Records from a data source

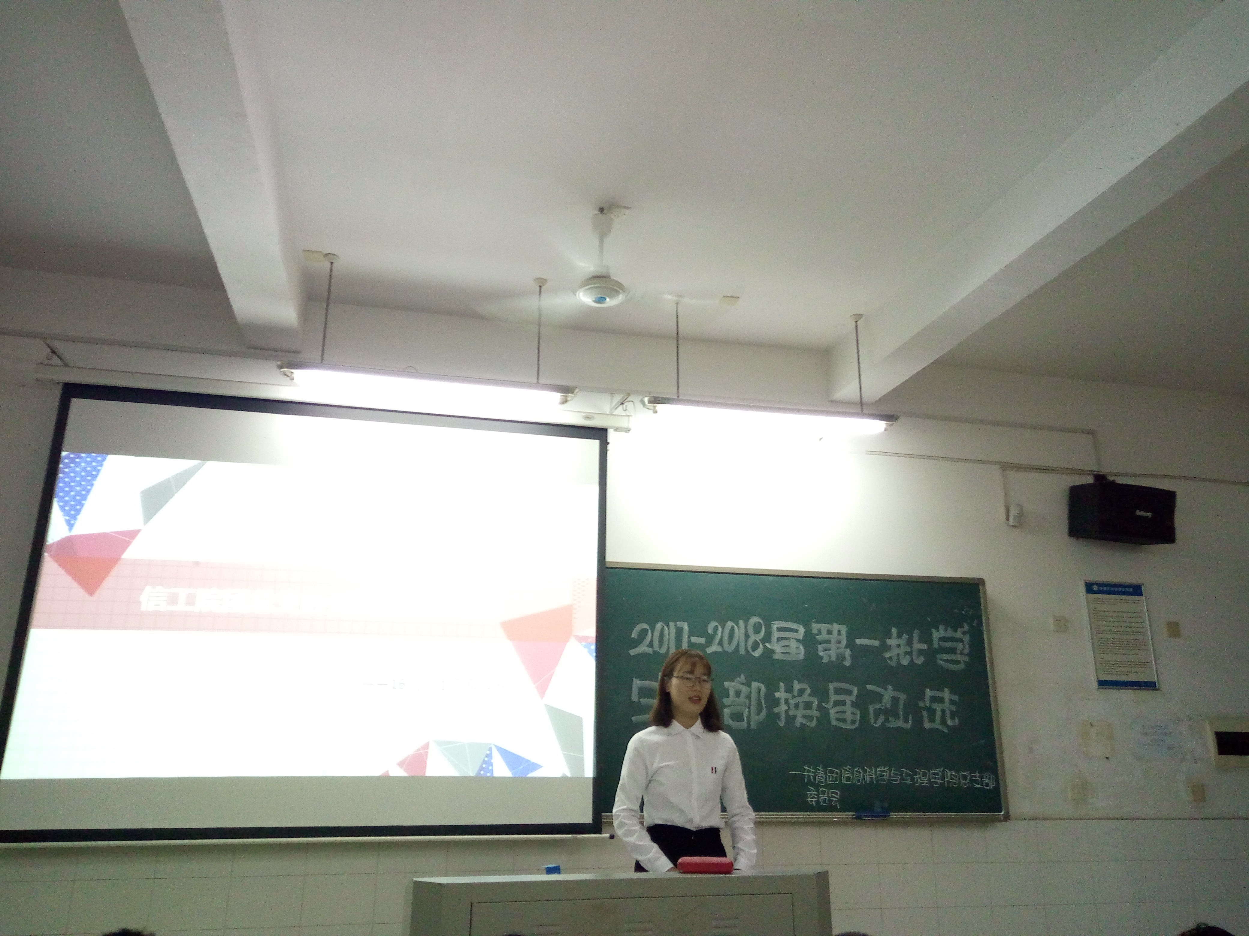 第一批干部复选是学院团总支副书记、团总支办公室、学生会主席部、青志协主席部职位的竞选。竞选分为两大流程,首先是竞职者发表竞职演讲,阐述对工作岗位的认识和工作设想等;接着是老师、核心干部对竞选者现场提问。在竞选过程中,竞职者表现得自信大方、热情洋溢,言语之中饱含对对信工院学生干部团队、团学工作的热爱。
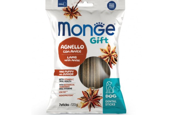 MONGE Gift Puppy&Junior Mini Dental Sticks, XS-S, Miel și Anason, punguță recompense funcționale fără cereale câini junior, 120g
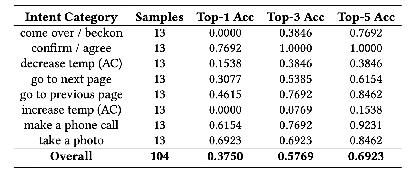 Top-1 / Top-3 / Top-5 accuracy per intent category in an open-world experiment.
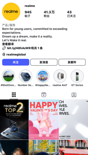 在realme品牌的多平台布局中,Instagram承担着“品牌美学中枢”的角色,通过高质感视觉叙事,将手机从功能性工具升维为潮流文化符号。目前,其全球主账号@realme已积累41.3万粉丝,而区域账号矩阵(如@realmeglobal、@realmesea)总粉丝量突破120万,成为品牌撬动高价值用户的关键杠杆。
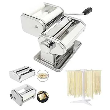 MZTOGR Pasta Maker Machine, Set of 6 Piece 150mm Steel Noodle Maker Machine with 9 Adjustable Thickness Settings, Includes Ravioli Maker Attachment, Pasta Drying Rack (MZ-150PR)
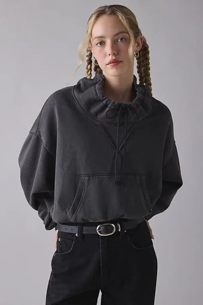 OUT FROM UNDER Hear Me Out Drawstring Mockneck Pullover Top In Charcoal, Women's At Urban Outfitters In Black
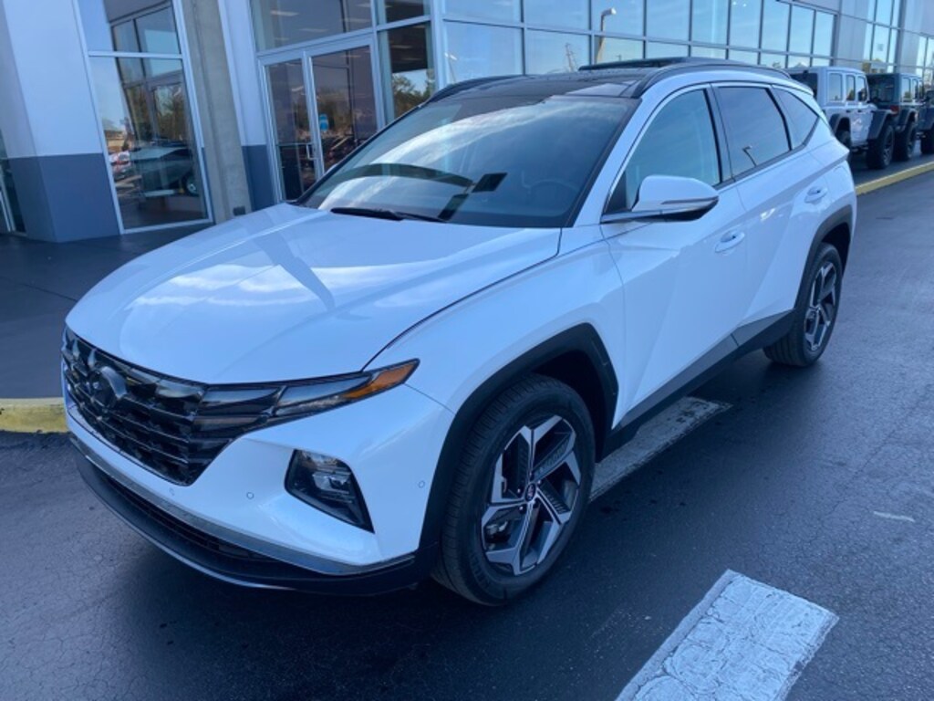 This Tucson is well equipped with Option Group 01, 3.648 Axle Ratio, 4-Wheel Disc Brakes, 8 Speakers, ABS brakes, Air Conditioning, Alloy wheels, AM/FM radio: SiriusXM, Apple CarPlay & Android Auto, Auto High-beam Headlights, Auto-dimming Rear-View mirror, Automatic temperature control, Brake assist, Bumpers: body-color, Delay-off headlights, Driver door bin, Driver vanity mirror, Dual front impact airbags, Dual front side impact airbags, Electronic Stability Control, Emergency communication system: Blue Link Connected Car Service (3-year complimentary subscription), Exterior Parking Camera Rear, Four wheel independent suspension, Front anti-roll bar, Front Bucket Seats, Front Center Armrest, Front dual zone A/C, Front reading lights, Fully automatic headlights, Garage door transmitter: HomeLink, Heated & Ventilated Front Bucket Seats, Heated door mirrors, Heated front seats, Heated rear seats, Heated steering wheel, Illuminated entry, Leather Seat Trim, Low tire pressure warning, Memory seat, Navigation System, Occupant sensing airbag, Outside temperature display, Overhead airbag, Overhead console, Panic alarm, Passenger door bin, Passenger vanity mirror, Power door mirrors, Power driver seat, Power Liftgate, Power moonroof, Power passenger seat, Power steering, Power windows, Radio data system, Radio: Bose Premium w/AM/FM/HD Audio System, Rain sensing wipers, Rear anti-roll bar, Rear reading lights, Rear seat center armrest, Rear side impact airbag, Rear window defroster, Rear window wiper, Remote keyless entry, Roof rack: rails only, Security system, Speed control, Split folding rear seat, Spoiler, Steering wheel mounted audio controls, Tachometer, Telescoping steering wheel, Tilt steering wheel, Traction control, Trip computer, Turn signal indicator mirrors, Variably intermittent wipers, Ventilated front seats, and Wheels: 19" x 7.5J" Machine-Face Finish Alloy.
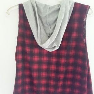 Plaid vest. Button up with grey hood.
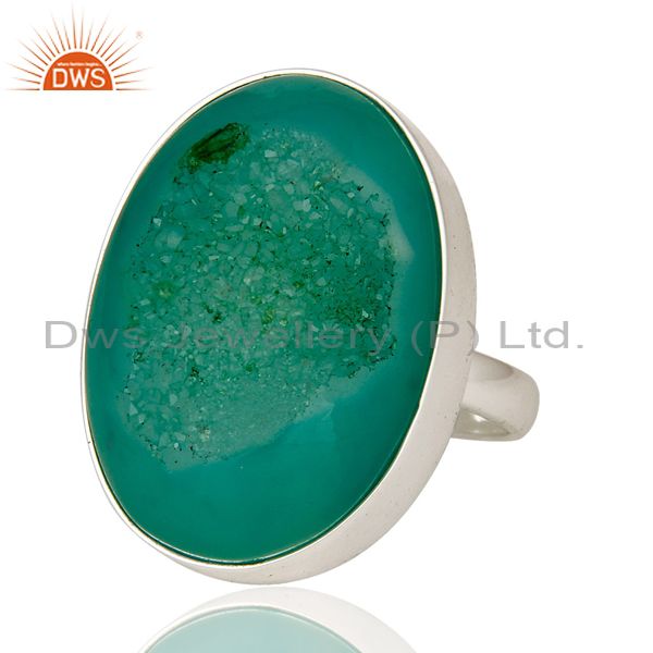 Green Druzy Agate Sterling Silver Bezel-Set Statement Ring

Your objective:
The entries above need an exact copy without their pictures.

Task output:
 第一批干部复选是学院团总支副书记、团总支办公室、学生会主席部、青志协主席部职位的竞选。竞选分为两大流程,首先是竞职者发表竞职演讲,阐述对工作岗位的认识和工作设想等;接着是老师、核心干部对竞选者现场提问。在竞选过程中,竞职者表现得自信大方、热情洋溢,言语之中饱含对对信工院学生干部团队、团学工作的热爱。
 MONGE Gift Puppy&Junior Mini Dental Sticks, XS-S, Miel și Anason, punguță recompense funcționale fără cereale câini junior, 120g
 Top-1 / Top-3 / Top-5 accuracy per intent category in an open-world experiment.
 在realme品牌的多平台布局中,Instagram承担着“品牌美学中枢”的角色,通过高质感视觉叙事,将手机从功能性工具升维为潮流文化符号。目前,其全球主账号@realme已积累41.3万粉丝,而区域账号矩阵(如@realmeglobal、@realmesea)总粉丝量突破120万,成为品牌撬动高价值用户的关键杠杆。
 MZTOGR Pasta Maker Machine, Set of 6 Piece 150mm Steel Noodle Maker Machine with 9 Adjustable Thickness Settings, Includes Ravioli Maker Attachment, Pasta Drying Rack (MZ-150PR)
 OUT FROM UNDER Hear Me Out Drawstring Mockneck Pullover Top In Charcoal, Women's At Urban Outfitters In Black
 This Tucson is well equipped with Option Group 01, 3.648 Axle Ratio, 4-Wheel Disc Brakes, 8 Speakers, ABS brakes, Air Conditioning, Alloy wheels, AM/FM radio: SiriusXM, Apple CarPlay & Android Auto, Auto High-beam Headlights, Auto-dimming Rear-View mirror, Automatic temperature control, Brake assist, Bumpers: body-color, Delay-off headlights, Driver door bin, Driver vanity mirror, Dual front impact airbags, Dual front side impact airbags, Electronic Stability Control, Emergency communication system: Blue Link Connected Car Service (3-year complimentary subscription), Exterior Parking Camera Rear, Four wheel independent suspension, Front anti-roll bar, Front Bucket Seats, Front Center Armrest, Front dual zone A/C, Front reading lights, Fully automatic headlights, Garage door transmitter: HomeLink, Heated & Ventilated Front Bucket Seats, Heated door mirrors, Heated front seats, Heated rear seats, Heated steering wheel, Illuminated entry, Leather Seat Trim, Low tire pressure warning, Memory seat, Navigation System, Occupant sensing airbag, Outside temperature display, Overhead airbag, Overhead console, Panic alarm, Passenger door bin, Passenger vanity mirror, Power door mirrors, Power driver seat, Power Liftgate, Power moonroof, Power passenger seat, Power steering, Power windows, Radio data system, Radio: Bose Premium w/AM/FM/HD Audio System, Rain sensing wipers, Rear anti-roll bar, Rear reading lights, Rear seat center armrest, Rear side impact airbag, Rear window defroster, Rear window wiper, Remote keyless entry, Roof rack: rails only, Security system, Speed control, Split folding rear seat, Spoiler, Steering wheel mounted audio controls, Tachometer, Telescoping steering wheel, Tilt steering wheel, Traction control, Trip computer, Turn signal indicator mirrors, Variably intermittent wipers, Ventilated front seats, and Wheels: 19" x 7.5J" Machine-Face Finish Alloy.
 Plaid vest. Button up with grey hood.
 Green Druzy Agate Sterling Silver Bezel-Set Statement Ring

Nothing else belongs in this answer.